I first saw her speak when I was a lost student at UCD studying History and English. My experience in college is summed up by my first day when I sat in a huge lecture theatre, aged 17, having taken two buses to get there from the suburbs of Dublin 24. We were asked us to introduce ourselves to the people beside us. I turned left and the young woman, dressed in brand new Levi's and Ralph Lauren shirt and jumper, said, "I’m Fiona from Foxrock." I, dressed in Dunnes jeans and Penneys top replied, "I’m Andrée, from Tallaght." Fiona burst out laughing and said, "No, really, where are you from?" And that was it. I never really recovered.

Apart from when I walked into Dr Margaret MacCurtain’s room for tutorials. This Dominican nun saw me and encouraged me to embrace who I was. She opened up the world of the hidden histories of women, teaching me how power and privilege work. She would make time for me in her little room, which became an oasis of care and learning.

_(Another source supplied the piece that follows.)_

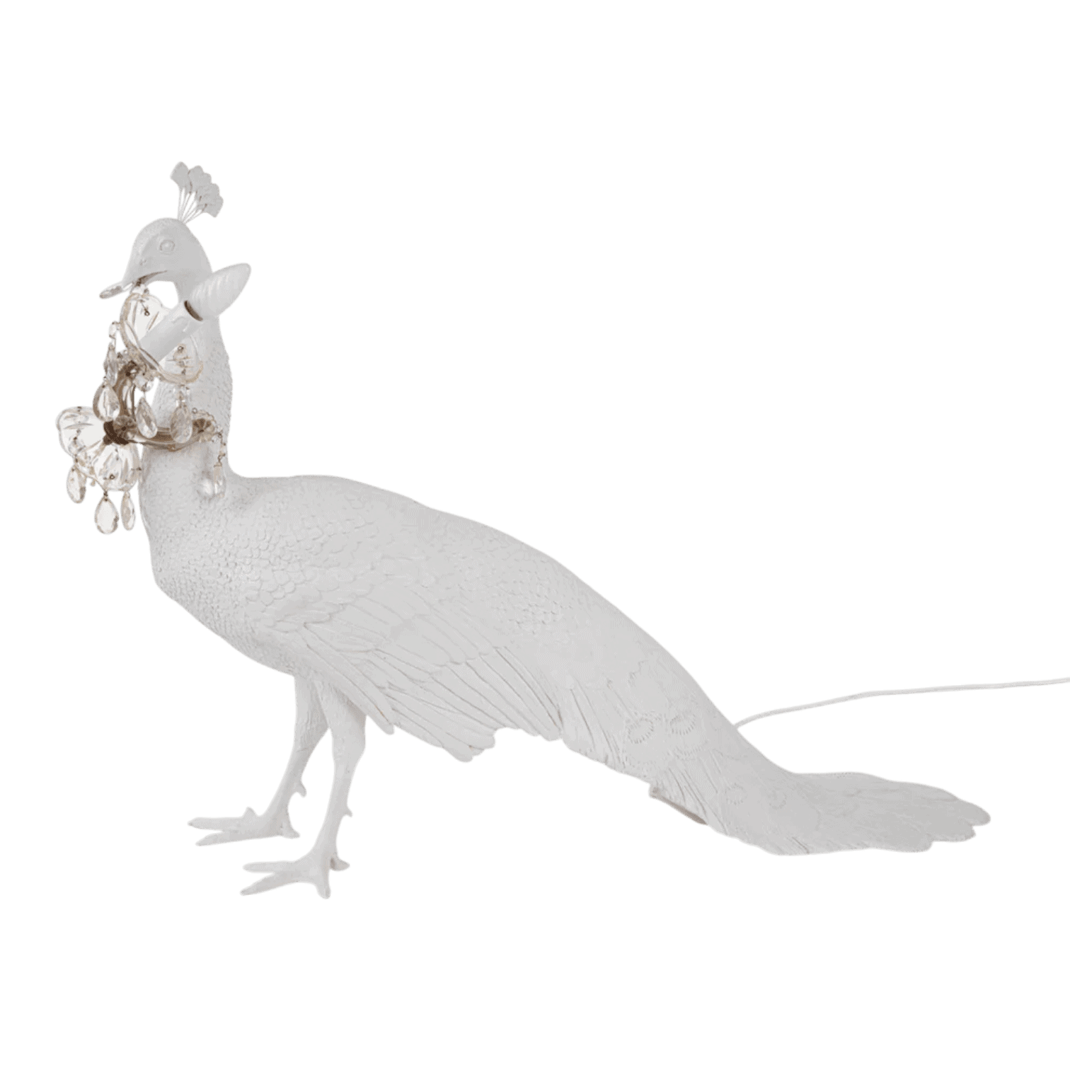 Lampa veidota pāva formā, kas ar lepnu stāju tur kristāla lustru, radot pārsteidzošu kontrastu starp dabas iedvesmu un klasisku greznību. Matēti baltā apdare piešķir tai izsmalcinātu un laikmetīgu raksturu, kas lieliski iekļaujas gan modernā, gan eklektiskā interjerā.

My friend, also from Tallaght, also feeling similarly "other", told me about her French lecturer. "She is brilliant, come listen to her talk," she said. I was a bit late for Ailbhe Smyth in full flow: "If you want to know how endemic the patriarchal power structures are, look at how Dr Margaret MacCurtain is not a professor." And at that moment I understood feminism, how it intersects with power, class and the lived experience of every woman. The most clever person in any room can be diminished from birth purely because of her gender, and Ailbhe Smyth set us on our journey of resisting that.

Ailbhe has been at the forefront of every modern progressive movement aiming to change the lives of women for the better on this island. She has not only spoken truth to power, she speaks with power, the power that only deep intelligence, emotional connection and reflective lived experience bring. So we believe her when she explains her position, even if we don’t agree with her. I just happen to usually agree with her and learn from her.

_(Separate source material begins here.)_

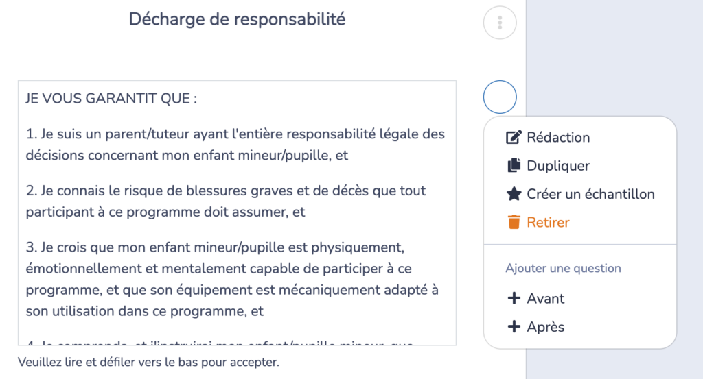 Indiquez clairement que le participant renonce à toute poursuite envers votre municipalité, vos employés, bénévoles ou partenaires, en cas de blessure ou de dommage subi pendant l’activité. C’est cette clause qui protège juridiquement votre ville.

She has been part of campaigning for change when referenda have been lost and when they have been won. She has been at the spearhead of a women’s movement in Ireland that has begun to confidently and systemically undo the egregious structural harms and violence against women since partition.

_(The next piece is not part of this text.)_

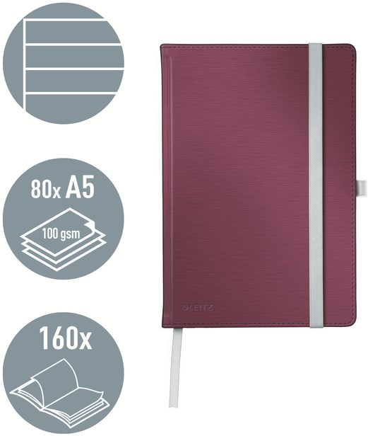 Notitieboek Leitz Style A5 lijn 160 pagina's 100gr rood

With her infectious good humour and unending optimism, she continues to be part of the most important conversations on this island. How to ensure climate justice. How to fight the far right. How to deconstruct the class structures and poverty that are assumed as permanent. How to end partition. Ailbhe is in the DNA of all of those age-old and most modern of conversations. And she is very much my hero.

Breithlá shona duit, Ailbhe.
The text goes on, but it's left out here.